### TASK DIRECTIONS
Your output should be the lines of the data that follow, reproduced exactly from the first through the line bearing "DC037柔軟毛毛透光雪仿下擺上衣 灰 奶茶 官網價$1580 線上價$1550".

### RECORDS SHOWN
------
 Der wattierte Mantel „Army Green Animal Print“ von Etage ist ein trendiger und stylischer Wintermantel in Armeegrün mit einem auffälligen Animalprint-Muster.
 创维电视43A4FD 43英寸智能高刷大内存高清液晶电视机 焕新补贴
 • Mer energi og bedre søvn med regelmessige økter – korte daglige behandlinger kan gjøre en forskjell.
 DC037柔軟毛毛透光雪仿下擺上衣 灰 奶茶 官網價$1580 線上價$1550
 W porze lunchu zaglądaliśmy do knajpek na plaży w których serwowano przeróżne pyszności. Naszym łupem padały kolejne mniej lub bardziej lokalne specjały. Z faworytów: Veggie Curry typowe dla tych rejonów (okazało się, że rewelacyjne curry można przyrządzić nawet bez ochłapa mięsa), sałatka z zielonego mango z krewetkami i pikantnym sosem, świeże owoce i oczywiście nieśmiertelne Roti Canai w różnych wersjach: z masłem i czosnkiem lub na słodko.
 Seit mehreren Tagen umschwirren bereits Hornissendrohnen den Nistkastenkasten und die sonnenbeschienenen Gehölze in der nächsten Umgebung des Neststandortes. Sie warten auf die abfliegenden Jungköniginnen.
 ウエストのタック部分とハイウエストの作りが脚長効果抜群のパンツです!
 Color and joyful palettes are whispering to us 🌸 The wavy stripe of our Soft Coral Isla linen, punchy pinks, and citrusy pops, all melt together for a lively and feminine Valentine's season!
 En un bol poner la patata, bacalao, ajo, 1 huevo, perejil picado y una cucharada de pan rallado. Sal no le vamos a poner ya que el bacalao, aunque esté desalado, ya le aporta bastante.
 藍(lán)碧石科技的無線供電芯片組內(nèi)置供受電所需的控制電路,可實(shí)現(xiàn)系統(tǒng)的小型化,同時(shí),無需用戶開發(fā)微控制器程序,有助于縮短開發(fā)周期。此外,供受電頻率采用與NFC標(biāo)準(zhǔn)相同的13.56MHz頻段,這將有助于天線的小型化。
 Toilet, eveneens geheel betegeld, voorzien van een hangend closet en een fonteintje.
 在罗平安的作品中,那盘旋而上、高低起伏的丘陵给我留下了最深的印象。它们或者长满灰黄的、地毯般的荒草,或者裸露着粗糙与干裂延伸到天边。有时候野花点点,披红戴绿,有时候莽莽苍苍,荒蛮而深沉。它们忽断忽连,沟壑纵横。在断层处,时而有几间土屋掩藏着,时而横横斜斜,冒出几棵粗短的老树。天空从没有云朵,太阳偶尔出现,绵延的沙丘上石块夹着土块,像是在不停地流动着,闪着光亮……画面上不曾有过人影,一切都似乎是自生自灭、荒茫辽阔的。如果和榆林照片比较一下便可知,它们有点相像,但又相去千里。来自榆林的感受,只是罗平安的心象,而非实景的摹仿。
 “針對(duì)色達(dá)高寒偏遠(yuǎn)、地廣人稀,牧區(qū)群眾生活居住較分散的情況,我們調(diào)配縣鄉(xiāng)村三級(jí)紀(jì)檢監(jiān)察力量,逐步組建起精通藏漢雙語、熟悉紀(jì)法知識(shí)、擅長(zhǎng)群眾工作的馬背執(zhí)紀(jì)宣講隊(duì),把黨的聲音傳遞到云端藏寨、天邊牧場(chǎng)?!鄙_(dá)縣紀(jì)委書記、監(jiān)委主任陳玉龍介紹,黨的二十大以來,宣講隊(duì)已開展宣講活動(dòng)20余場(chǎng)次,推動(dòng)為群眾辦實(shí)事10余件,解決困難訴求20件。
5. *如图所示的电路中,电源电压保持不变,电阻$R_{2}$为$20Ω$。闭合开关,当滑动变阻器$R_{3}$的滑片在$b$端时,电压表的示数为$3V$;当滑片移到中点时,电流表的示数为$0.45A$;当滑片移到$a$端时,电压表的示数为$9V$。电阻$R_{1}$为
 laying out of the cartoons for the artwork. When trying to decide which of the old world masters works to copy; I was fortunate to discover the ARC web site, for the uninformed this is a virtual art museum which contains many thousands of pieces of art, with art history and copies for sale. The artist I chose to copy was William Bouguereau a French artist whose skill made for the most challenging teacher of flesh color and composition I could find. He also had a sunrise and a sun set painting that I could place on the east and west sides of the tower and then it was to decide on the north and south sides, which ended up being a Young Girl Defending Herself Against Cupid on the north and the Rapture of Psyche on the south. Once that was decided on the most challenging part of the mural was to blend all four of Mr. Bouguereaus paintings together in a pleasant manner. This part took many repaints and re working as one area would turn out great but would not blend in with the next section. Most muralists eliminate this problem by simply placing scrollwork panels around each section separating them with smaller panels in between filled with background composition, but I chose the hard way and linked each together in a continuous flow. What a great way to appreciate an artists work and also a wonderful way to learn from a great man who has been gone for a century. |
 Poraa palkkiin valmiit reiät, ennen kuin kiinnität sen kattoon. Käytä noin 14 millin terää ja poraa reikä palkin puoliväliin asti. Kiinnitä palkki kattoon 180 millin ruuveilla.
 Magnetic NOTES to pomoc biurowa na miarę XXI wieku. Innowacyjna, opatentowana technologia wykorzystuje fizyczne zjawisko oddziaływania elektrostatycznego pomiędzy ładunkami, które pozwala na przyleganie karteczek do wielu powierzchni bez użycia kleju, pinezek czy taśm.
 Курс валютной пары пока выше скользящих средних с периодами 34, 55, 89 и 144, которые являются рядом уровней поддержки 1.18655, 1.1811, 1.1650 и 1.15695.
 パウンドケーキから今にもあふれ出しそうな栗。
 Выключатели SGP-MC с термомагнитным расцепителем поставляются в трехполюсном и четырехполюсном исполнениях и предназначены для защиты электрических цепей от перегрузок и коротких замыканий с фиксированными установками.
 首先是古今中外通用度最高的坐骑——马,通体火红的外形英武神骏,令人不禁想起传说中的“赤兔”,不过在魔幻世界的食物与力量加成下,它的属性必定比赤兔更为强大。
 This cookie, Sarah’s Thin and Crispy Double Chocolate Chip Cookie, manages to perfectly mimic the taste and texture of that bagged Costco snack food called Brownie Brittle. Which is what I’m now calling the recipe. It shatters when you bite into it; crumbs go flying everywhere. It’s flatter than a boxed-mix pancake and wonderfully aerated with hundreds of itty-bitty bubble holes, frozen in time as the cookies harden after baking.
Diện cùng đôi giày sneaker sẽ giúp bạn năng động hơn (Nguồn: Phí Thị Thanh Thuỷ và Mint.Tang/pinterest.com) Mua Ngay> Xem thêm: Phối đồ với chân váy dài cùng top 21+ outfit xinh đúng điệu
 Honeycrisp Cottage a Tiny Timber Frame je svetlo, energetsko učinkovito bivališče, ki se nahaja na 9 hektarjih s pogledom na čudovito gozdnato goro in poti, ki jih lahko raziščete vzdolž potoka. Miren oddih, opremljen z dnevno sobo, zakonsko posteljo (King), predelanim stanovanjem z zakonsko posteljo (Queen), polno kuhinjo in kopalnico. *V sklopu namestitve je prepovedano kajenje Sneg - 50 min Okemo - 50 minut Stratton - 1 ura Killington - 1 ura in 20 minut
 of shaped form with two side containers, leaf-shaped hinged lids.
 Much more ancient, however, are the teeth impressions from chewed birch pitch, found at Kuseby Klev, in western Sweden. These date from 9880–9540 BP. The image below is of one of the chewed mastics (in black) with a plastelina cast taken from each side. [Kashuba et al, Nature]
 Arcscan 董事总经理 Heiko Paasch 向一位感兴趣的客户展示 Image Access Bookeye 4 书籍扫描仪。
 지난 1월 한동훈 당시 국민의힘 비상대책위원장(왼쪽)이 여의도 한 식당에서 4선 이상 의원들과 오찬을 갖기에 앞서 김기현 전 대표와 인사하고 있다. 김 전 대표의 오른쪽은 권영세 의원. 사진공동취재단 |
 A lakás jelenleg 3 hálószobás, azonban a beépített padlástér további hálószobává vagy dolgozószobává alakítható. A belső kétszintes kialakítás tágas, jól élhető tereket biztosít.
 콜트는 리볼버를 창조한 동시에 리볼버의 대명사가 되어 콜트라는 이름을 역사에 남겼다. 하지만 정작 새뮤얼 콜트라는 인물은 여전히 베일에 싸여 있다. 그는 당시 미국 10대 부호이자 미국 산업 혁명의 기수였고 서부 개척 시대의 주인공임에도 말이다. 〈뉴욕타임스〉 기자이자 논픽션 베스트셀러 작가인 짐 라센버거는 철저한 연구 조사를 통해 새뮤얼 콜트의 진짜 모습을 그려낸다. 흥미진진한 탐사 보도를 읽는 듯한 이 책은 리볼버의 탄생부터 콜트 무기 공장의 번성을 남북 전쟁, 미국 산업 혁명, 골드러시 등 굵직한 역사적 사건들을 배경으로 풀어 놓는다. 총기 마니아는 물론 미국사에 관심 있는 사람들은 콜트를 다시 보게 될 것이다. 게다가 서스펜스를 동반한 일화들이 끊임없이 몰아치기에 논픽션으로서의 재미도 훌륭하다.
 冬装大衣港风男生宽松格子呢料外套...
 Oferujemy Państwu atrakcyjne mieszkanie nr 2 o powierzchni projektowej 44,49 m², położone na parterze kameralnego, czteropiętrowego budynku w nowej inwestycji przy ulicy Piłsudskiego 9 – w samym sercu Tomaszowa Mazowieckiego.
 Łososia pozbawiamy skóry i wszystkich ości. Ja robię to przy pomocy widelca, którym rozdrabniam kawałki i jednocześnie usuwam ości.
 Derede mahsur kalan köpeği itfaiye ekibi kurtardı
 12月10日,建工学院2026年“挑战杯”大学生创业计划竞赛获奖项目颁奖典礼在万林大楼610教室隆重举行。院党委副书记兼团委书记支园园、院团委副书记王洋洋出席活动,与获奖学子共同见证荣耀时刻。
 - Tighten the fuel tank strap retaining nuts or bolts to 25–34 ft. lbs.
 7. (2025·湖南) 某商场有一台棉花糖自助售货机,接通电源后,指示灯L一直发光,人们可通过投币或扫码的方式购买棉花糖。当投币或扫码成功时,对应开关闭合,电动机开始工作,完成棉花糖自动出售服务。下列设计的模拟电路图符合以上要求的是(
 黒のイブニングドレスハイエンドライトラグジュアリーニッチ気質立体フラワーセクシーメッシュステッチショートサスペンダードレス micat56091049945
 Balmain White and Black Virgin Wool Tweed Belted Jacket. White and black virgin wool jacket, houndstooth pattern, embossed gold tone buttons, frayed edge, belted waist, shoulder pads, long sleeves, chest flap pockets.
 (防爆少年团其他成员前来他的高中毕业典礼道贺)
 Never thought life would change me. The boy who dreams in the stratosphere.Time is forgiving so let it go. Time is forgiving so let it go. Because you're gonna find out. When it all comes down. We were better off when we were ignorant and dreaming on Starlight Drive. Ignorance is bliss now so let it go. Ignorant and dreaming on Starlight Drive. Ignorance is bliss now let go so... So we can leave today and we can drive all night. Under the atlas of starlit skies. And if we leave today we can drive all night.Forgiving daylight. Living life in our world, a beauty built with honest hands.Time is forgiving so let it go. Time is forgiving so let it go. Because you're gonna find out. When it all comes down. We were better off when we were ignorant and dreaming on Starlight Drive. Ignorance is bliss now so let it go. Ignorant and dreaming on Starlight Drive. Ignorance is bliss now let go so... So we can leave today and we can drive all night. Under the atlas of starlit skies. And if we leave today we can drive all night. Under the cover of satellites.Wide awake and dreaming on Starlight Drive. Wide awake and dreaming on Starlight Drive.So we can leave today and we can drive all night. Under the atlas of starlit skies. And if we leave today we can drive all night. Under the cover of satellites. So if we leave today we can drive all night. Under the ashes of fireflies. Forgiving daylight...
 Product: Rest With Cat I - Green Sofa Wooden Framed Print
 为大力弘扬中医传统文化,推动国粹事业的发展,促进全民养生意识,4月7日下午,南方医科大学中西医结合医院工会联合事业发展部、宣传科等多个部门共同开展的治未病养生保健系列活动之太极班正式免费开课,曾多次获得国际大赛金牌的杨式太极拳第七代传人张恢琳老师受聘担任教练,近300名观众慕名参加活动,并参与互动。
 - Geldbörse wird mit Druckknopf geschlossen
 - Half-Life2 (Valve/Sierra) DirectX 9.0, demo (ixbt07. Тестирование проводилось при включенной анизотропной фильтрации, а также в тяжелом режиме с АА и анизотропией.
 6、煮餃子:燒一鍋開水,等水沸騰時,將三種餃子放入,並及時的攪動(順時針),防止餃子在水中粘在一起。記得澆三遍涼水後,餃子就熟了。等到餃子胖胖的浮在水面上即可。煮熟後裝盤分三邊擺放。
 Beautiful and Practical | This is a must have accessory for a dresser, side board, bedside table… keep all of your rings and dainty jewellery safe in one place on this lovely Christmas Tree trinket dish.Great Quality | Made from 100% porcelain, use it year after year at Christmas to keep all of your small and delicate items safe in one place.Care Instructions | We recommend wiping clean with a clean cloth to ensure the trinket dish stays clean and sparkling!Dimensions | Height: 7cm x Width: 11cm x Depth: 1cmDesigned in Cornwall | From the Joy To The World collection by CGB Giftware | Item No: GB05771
------
### SOLUTION
 Der wattierte Mantel „Army Green Animal Print“ von Etage ist ein trendiger und stylischer Wintermantel in Armeegrün mit einem auffälligen Animalprint-Muster.
 创维电视43A4FD 43英寸智能高刷大内存高清液晶电视机 焕新补贴
 • Mer energi og bedre søvn med regelmessige økter – korte daglige behandlinger kan gjøre en forskjell.
 DC037柔軟毛毛透光雪仿下擺上衣 灰 奶茶 官網價$1580 線上價$1550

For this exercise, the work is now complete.